**YOUR TASK**
From the entries below, work out the number of lines that hold the word "بالإنتاج", and give that number alone.

(Collected data entries)
····················
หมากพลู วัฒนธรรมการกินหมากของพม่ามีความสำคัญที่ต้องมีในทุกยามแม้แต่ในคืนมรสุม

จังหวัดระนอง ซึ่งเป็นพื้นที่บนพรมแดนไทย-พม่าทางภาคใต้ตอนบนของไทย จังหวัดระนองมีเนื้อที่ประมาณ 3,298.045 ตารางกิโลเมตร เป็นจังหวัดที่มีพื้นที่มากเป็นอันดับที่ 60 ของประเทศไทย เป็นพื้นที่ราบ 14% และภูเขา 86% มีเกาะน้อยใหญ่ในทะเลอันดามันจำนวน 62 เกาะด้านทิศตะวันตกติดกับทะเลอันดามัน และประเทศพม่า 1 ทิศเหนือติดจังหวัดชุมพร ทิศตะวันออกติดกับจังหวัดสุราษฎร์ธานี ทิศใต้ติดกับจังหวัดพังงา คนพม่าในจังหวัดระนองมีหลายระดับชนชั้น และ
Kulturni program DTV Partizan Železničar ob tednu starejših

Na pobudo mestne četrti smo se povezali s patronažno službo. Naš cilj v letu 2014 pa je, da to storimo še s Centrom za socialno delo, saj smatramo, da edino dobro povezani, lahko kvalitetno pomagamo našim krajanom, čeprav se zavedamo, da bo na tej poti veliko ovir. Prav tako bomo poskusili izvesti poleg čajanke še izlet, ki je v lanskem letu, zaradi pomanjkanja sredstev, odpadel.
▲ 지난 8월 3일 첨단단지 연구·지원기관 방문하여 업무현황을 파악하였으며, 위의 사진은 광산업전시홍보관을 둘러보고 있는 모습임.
····················
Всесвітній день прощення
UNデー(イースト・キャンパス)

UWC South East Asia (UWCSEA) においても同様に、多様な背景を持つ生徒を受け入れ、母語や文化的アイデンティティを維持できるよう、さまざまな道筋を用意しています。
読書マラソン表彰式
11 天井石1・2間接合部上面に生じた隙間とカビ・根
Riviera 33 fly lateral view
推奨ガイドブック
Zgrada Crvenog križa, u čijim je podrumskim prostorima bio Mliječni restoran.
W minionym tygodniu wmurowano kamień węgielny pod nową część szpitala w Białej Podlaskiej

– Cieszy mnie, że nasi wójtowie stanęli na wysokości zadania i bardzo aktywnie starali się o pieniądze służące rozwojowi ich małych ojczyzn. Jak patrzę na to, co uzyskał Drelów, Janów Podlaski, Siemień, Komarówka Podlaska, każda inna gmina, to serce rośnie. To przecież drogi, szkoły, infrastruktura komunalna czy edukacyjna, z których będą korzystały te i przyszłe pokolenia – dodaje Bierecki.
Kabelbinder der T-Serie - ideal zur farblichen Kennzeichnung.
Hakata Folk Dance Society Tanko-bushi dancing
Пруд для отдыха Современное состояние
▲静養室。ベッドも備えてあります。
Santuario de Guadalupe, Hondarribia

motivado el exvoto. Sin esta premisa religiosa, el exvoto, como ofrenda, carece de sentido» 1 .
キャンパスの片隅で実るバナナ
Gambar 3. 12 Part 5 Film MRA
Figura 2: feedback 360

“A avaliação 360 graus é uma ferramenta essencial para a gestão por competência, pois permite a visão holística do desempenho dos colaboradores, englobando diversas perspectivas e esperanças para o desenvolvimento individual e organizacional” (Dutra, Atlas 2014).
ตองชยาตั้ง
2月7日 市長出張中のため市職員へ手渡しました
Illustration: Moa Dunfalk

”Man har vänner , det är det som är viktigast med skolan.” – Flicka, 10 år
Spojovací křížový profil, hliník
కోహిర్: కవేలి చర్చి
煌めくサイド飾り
····················
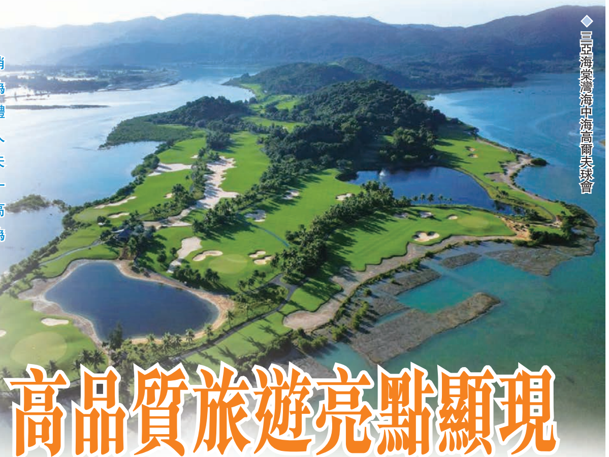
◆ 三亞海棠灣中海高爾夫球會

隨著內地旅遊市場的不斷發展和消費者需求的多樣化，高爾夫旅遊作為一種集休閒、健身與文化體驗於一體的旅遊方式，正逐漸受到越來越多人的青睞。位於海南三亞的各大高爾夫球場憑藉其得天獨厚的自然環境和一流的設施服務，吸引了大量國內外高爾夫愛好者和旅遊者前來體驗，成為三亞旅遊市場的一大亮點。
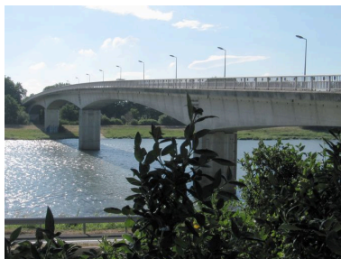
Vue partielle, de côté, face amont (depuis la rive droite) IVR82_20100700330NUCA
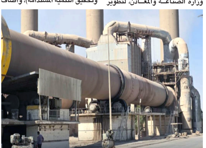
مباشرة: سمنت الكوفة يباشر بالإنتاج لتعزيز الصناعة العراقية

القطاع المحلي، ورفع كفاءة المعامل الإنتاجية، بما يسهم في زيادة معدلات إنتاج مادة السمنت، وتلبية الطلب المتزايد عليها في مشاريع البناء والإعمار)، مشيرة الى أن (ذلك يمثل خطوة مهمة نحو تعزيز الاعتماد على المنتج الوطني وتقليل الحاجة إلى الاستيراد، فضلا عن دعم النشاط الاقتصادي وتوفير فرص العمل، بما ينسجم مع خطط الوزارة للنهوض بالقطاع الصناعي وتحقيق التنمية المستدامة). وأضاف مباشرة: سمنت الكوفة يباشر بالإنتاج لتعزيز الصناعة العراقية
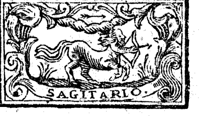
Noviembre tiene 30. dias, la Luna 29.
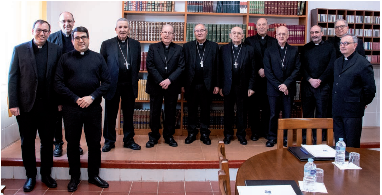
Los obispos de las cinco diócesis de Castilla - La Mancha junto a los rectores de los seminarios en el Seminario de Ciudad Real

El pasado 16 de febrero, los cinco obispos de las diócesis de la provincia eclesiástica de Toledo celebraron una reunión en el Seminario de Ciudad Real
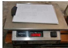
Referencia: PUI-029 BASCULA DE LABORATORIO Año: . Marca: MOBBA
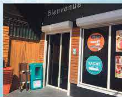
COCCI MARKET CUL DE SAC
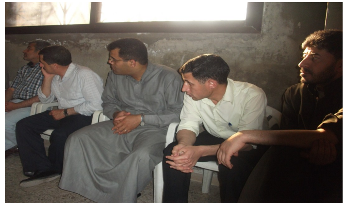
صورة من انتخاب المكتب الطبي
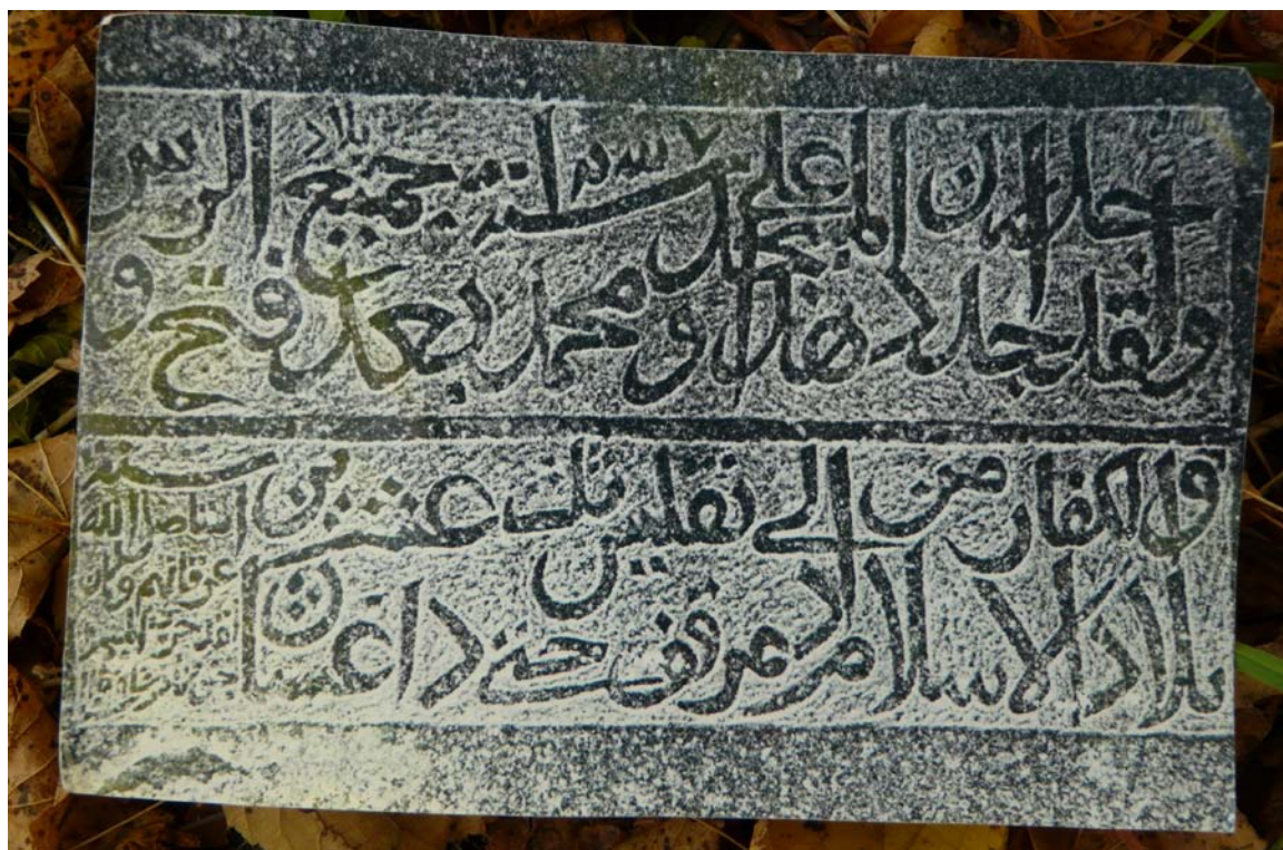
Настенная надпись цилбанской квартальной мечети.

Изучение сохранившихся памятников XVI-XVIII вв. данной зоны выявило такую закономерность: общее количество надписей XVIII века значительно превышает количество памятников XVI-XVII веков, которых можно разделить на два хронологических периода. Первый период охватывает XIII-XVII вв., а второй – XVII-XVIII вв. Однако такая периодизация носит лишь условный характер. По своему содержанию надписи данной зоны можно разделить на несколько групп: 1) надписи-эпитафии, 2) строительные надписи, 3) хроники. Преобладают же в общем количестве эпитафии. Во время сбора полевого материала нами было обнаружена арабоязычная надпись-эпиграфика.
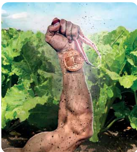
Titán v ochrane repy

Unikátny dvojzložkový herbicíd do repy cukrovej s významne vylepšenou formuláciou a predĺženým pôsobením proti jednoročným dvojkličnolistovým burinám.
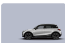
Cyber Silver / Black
····················
**ANSWER TO THE EXERCISE**
2